#### ENTRIES SUPPLIED
········
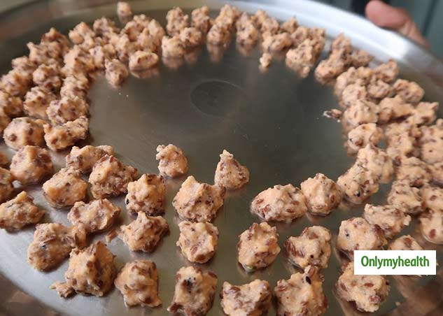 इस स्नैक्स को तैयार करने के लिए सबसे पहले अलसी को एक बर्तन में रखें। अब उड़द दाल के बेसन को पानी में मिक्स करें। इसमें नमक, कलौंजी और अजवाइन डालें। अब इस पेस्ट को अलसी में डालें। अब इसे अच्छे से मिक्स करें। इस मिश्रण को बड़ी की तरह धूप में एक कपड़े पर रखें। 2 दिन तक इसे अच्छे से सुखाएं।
········
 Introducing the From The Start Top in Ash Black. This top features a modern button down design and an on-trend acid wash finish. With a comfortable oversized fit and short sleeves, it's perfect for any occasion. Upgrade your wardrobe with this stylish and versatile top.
········
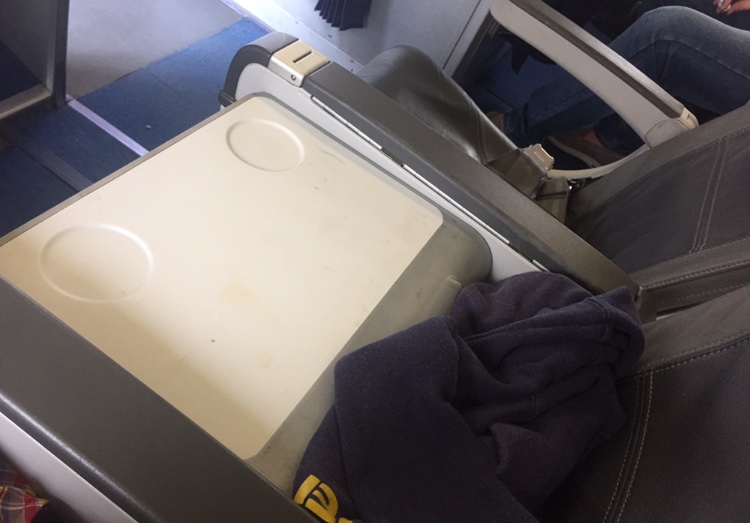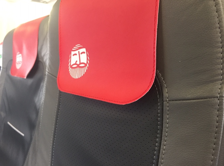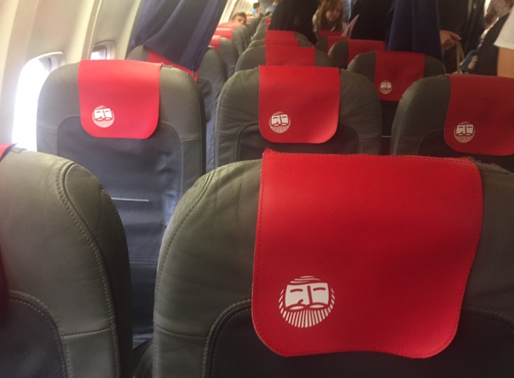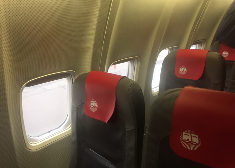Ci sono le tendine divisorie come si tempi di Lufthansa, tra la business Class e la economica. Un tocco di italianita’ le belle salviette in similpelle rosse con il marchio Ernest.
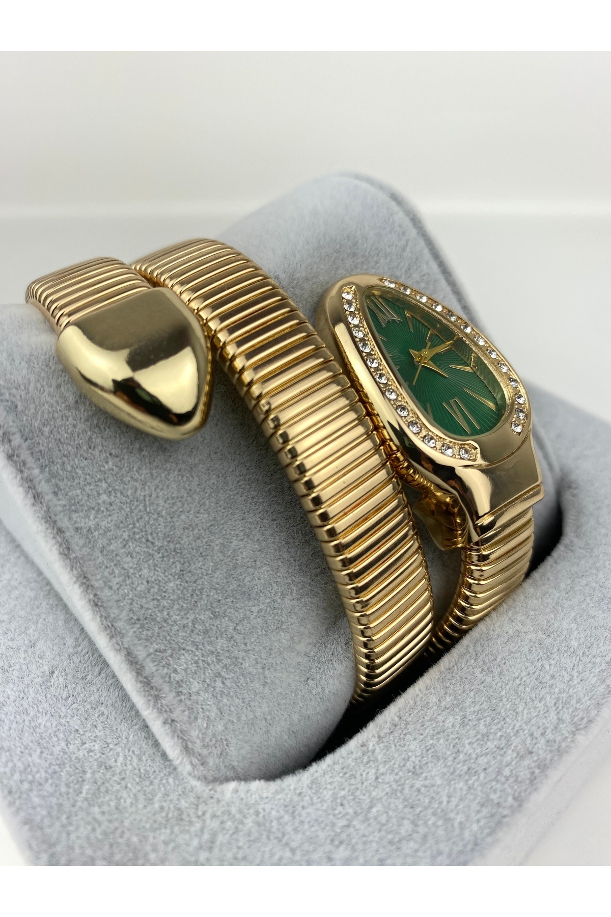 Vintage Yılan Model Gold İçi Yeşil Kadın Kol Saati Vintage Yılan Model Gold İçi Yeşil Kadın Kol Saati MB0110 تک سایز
········
#### PROMPT
When you reach the line with "Ci sono le tendine" in the records above, start writing out each line exactly, and stop after the line with "Vintage Yılan Model Gold İçi Yeşil Kadın Kol Saati Vintage". Pictures stay out.

#### SOLUTION TO THIS EXERCISE
Ci sono le tendine divisorie come si tempi di Lufthansa, tra la business Class e la economica. Un tocco di italianita’ le belle salviette in similpelle rosse con il marchio Ernest.
 Vintage Yılan Model Gold İçi Yeşil Kadın Kol Saati Vintage Yılan Model Gold İçi Yeşil Kadın Kol Saati MB0110 تک سایز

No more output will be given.